> **What is being asked**:
Everything from the line holding "Sponsored SponsoredL’aumento del" through the last line of the data, and nothing else, should be retyped exactly, with no pictures.
** Data follows **
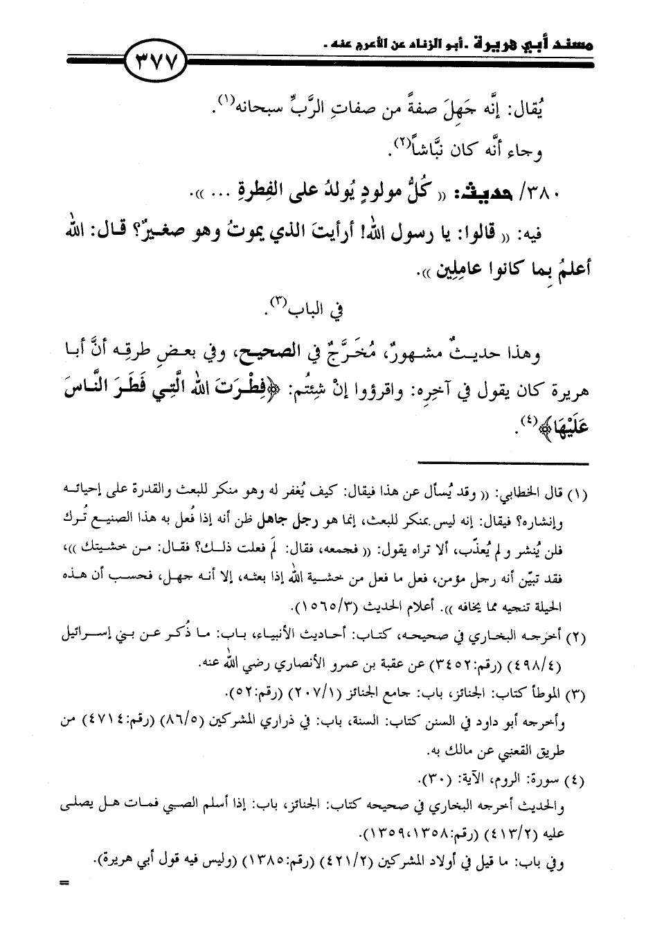 ٣٨٠/ حديث: "كُلُّ مولودٍ يُولدُ على الفِطرةِ. . . ".
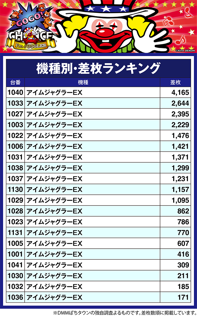 「ミスタージャグラー」の1134番台もプラスとなった。
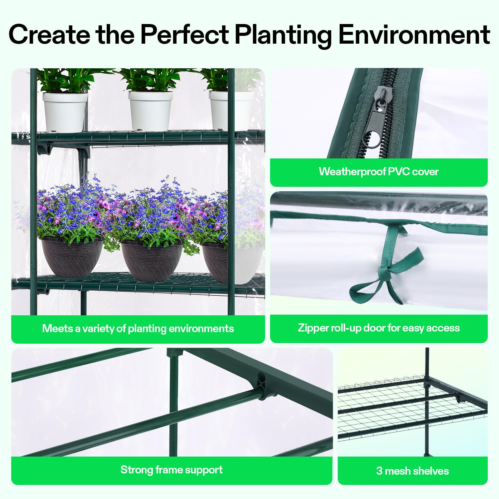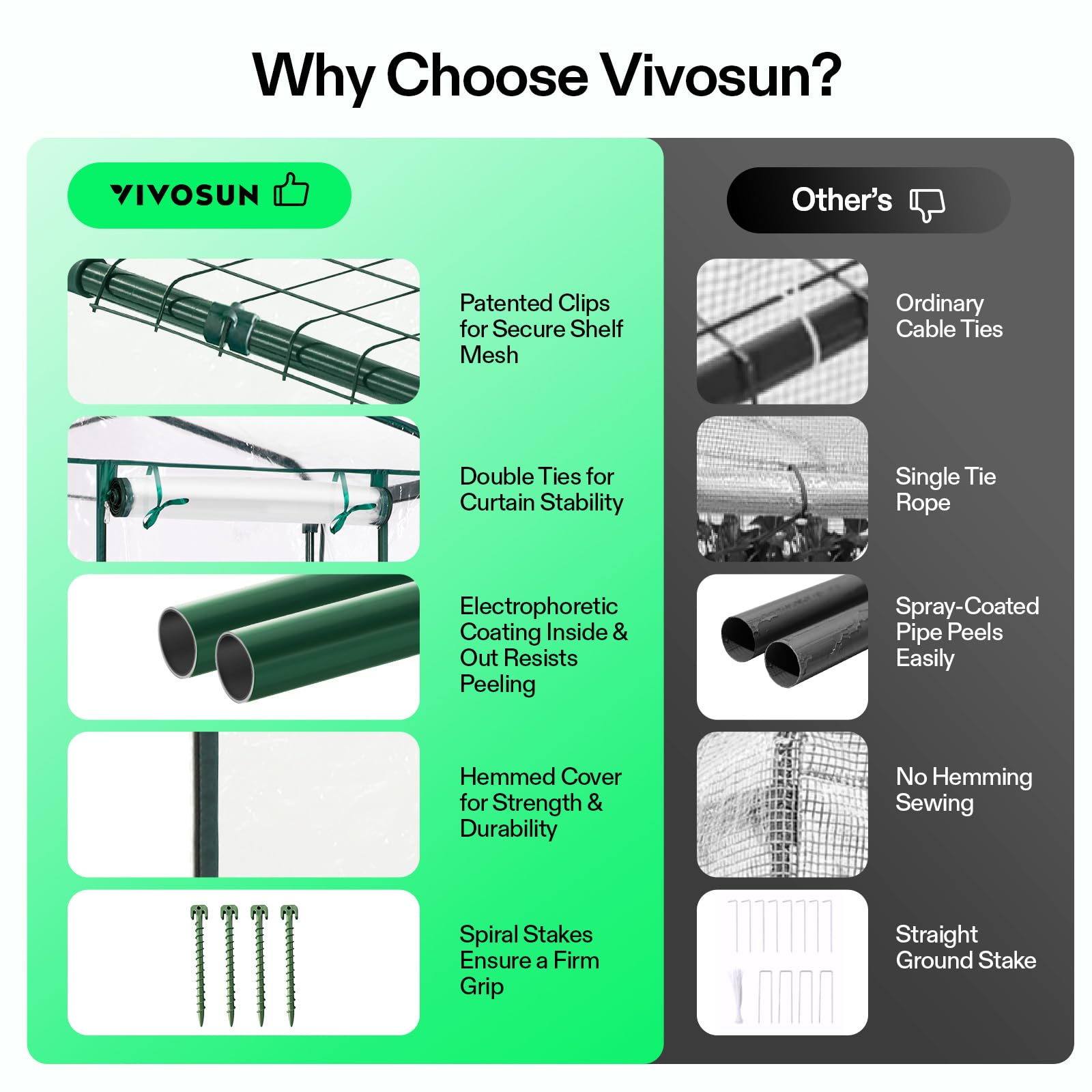 Sturdy & Durable Framework: Supported by a powder-coated heavy-duty steel frame, the green house is very sturdy and firm; Bury the base into ground helps you strengthen its stability and safety
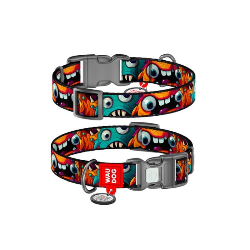 Collare TOOTHED MONSTERS in Nylon per cani con QR CODE - Chiusura in Plastica - Varie Misure
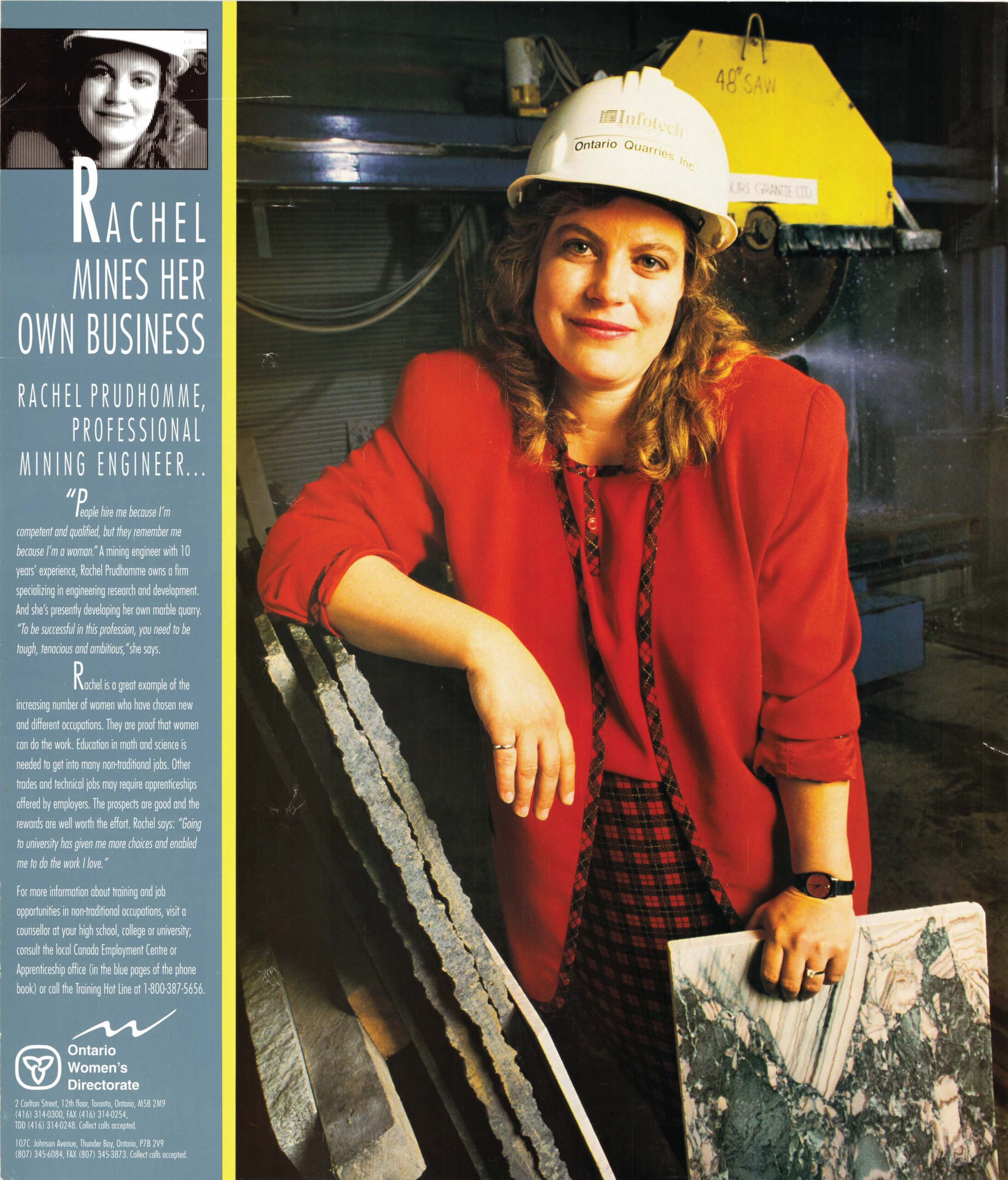 Rachel Mines Her Own Business This poster was created in the early 1990s for the Ontario Women’s Directorate as part of its “Job Opportunities for Women” campaign, which promoted women’s participation in non-traditional occupations during the early 90s. It features Rachel Prudhomme, a professional mining engineer and business owner, highlighting her success in the male-dominated field of mining. The design combines a portrait of Prudhomme in a red suit and safety helmet within an industrial setting, paired with bold typographic storytelling that emphasizes empowerment and perseverance. Graphic design and illustration is by Joss Maclennan; photograph is by Debra Friedman. The poster is one of a number in the Rise Up archival collection by Joss Maclennan. Copyright is held by the artist and the poster is shared here with Joss Maclennan’s permission. Metadata Title: Rachel Mines Her Own Business Region: Ontario Artist: Joss Maclennan
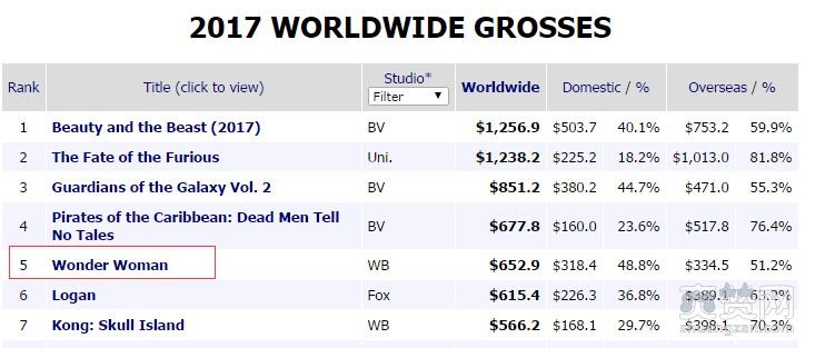 《神奇女侠》北美票房已经突破3亿美元,海外总计3.345亿美元,全球成绩6.53亿美元(约合人民币44.67亿元),超过《金刚狼3》跻身全球票房年榜前五,同时也是北美本土今年第三部破3亿美元的电影,势不可挡。
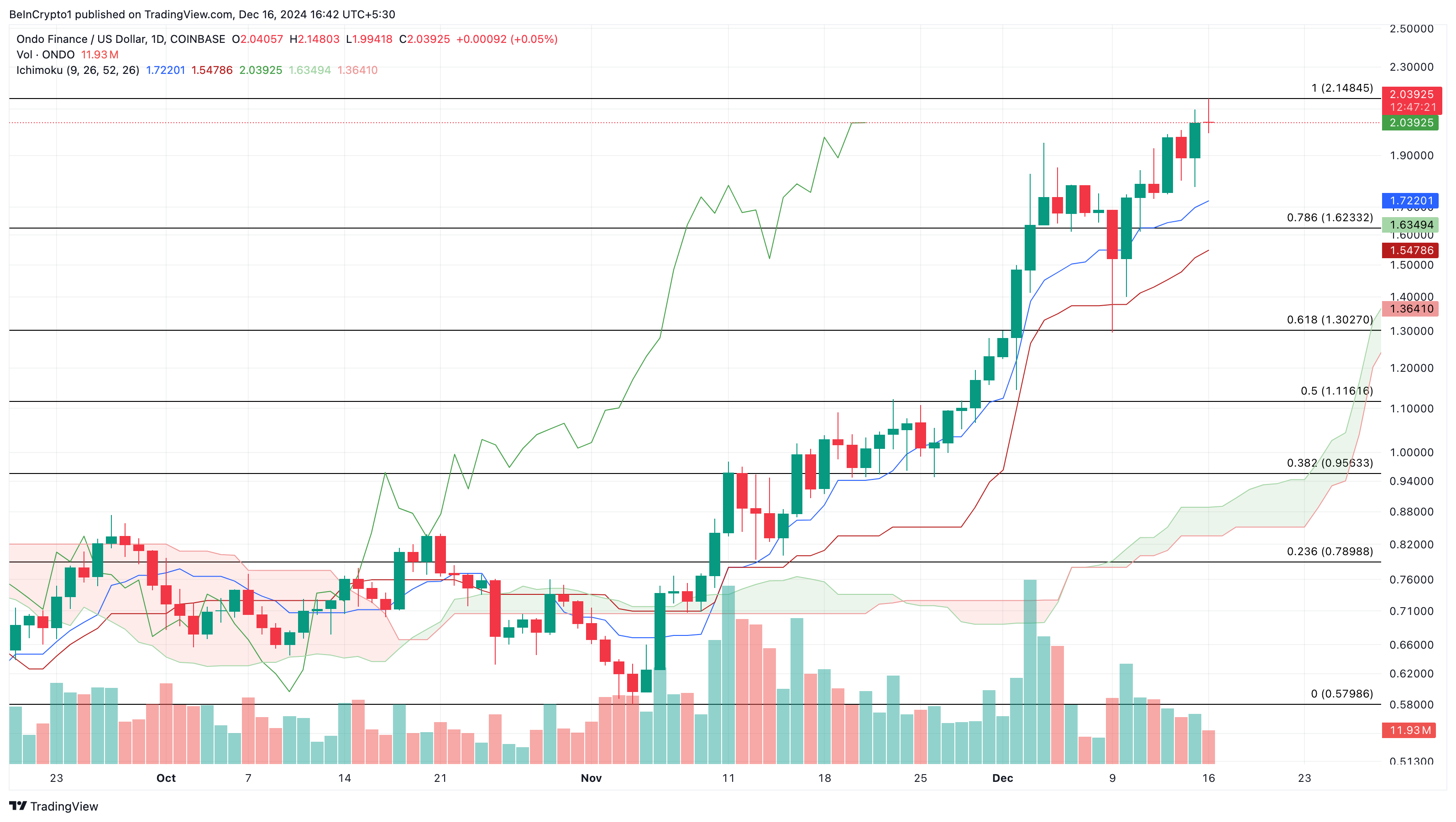 Sponsored SponsoredL’aumento del prezzo di ONDO potrebbe essere collegato alla notevole accumulazione di whale della scorsa settimana. Di conseguenza, il token ha superato il traguardo dei 2 USD. Da un punto di vista tecnico, il grafico ONDO/USD mostra che la Ichimoku Cloud è sotto il prezzo.
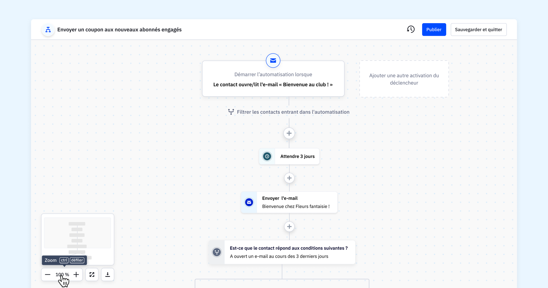 - Mini-carte d'automatisation : Parcourez facilement vos automatisations grâce à la nouvelle fonctionnalité de mini-carte. Obtenez un aperçu rapide de l'ensemble de votre workflow et accédez directement à des sections spécifiques.
** End of Data **
> **Response**:
 Sponsored SponsoredL’aumento del prezzo di ONDO potrebbe essere collegato alla notevole accumulazione di whale della scorsa settimana. Di conseguenza, il token ha superato il traguardo dei 2 USD. Da un punto di vista tecnico, il grafico ONDO/USD mostra che la Ichimoku Cloud è sotto il prezzo.
 - Mini-carte d'automatisation : Parcourez facilement vos automatisations grâce à la nouvelle fonctionnalité de mini-carte. Obtenez un aperçu rapide de l'ensemble de votre workflow et accédez directement à des sections spécifiques.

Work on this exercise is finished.